### Exercise
Make an exact copy of the listing so that no picture is carried over.
---- Exercise data
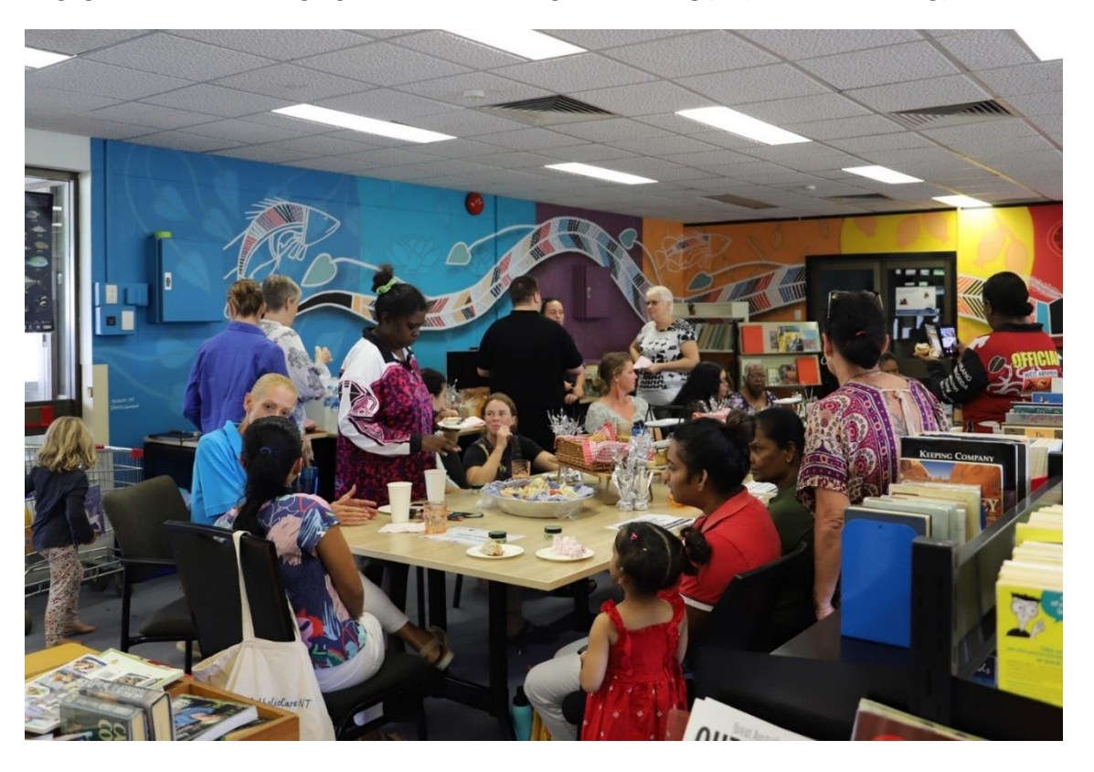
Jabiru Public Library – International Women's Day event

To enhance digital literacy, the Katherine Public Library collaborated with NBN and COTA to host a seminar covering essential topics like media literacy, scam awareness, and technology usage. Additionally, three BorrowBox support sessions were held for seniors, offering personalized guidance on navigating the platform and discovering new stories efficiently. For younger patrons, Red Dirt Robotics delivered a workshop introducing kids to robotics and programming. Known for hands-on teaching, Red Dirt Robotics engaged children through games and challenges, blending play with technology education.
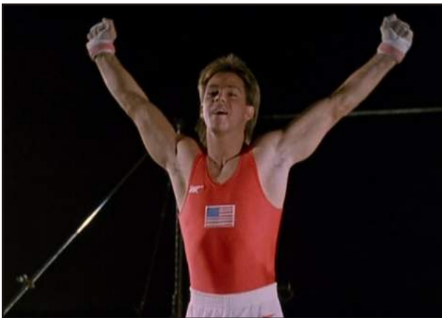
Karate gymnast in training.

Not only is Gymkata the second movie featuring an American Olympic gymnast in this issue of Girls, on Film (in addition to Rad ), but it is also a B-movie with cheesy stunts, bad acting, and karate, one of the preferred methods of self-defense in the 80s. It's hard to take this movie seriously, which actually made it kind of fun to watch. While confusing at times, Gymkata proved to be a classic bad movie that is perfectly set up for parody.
--------
### Solution
Jabiru Public Library – International Women's Day event

To enhance digital literacy, the Katherine Public Library collaborated with NBN and COTA to host a seminar covering essential topics like media literacy, scam awareness, and technology usage. Additionally, three BorrowBox support sessions were held for seniors, offering personalized guidance on navigating the platform and discovering new stories efficiently. For younger patrons, Red Dirt Robotics delivered a workshop introducing kids to robotics and programming. Known for hands-on teaching, Red Dirt Robotics engaged children through games and challenges, blending play with technology education.
Karate gymnast in training.

Not only is Gymkata the second movie featuring an American Olympic gymnast in this issue of Girls, on Film (in addition to Rad ), but it is also a B-movie with cheesy stunts, bad acting, and karate, one of the preferred methods of self-defense in the 80s. It's hard to take this movie seriously, which actually made it kind of fun to watch. While confusing at times, Gymkata proved to be a classic bad movie that is perfectly set up for parody.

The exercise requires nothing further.